What you will do: Start to finish, return the listing below exactly, pictures excluded.

--------

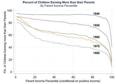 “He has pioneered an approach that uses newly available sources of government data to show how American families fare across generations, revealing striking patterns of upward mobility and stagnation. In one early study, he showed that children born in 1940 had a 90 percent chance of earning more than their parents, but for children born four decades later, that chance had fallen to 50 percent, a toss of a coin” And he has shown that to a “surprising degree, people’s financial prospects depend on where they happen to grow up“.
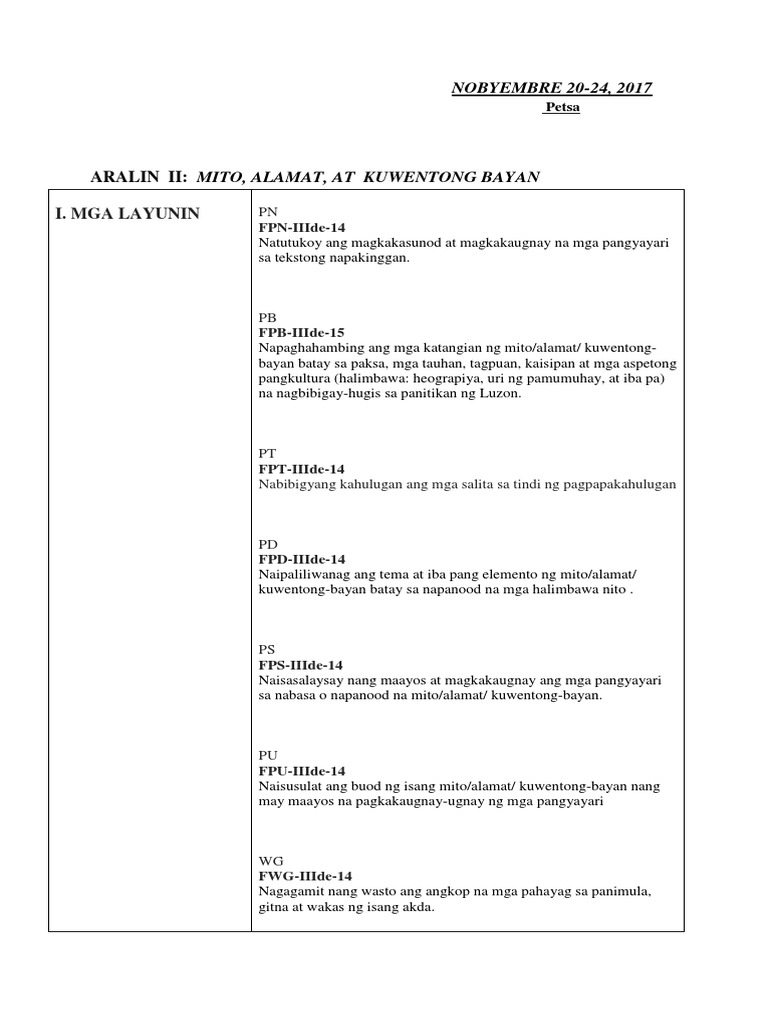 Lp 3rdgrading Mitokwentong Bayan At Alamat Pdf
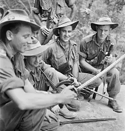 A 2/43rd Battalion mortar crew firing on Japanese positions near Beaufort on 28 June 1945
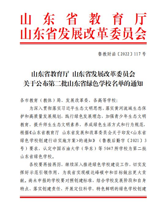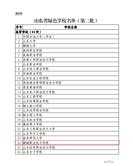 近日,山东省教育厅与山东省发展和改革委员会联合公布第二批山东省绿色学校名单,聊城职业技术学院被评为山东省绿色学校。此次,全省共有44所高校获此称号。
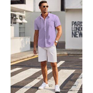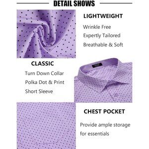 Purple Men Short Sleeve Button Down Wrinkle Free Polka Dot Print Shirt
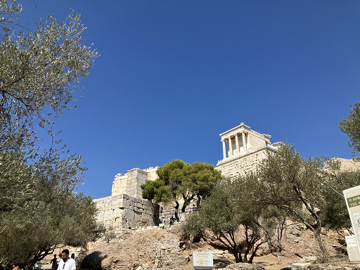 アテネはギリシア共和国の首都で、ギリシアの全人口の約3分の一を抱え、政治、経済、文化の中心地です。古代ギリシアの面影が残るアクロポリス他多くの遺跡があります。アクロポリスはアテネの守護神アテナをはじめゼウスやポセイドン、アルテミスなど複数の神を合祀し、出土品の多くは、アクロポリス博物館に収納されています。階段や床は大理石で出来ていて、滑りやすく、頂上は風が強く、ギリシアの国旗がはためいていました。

--------

Completed task:
 “He has pioneered an approach that uses newly available sources of government data to show how American families fare across generations, revealing striking patterns of upward mobility and stagnation. In one early study, he showed that children born in 1940 had a 90 percent chance of earning more than their parents, but for children born four decades later, that chance had fallen to 50 percent, a toss of a coin” And he has shown that to a “surprising degree, people’s financial prospects depend on where they happen to grow up“.
 Lp 3rdgrading Mitokwentong Bayan At Alamat Pdf
 A 2/43rd Battalion mortar crew firing on Japanese positions near Beaufort on 28 June 1945
 近日,山东省教育厅与山东省发展和改革委员会联合公布第二批山东省绿色学校名单,聊城职业技术学院被评为山东省绿色学校。此次,全省共有44所高校获此称号。
 Purple Men Short Sleeve Button Down Wrinkle Free Polka Dot Print Shirt
 アテネはギリシア共和国の首都で、ギリシアの全人口の約3分の一を抱え、政治、経済、文化の中心地です。古代ギリシアの面影が残るアクロポリス他多くの遺跡があります。アクロポリスはアテネの守護神アテナをはじめゼウスやポセイドン、アルテミスなど複数の神を合祀し、出土品の多くは、アクロポリス博物館に収納されています。階段や床は大理石で出来ていて、滑りやすく、頂上は風が強く、ギリシアの国旗がはためいていました。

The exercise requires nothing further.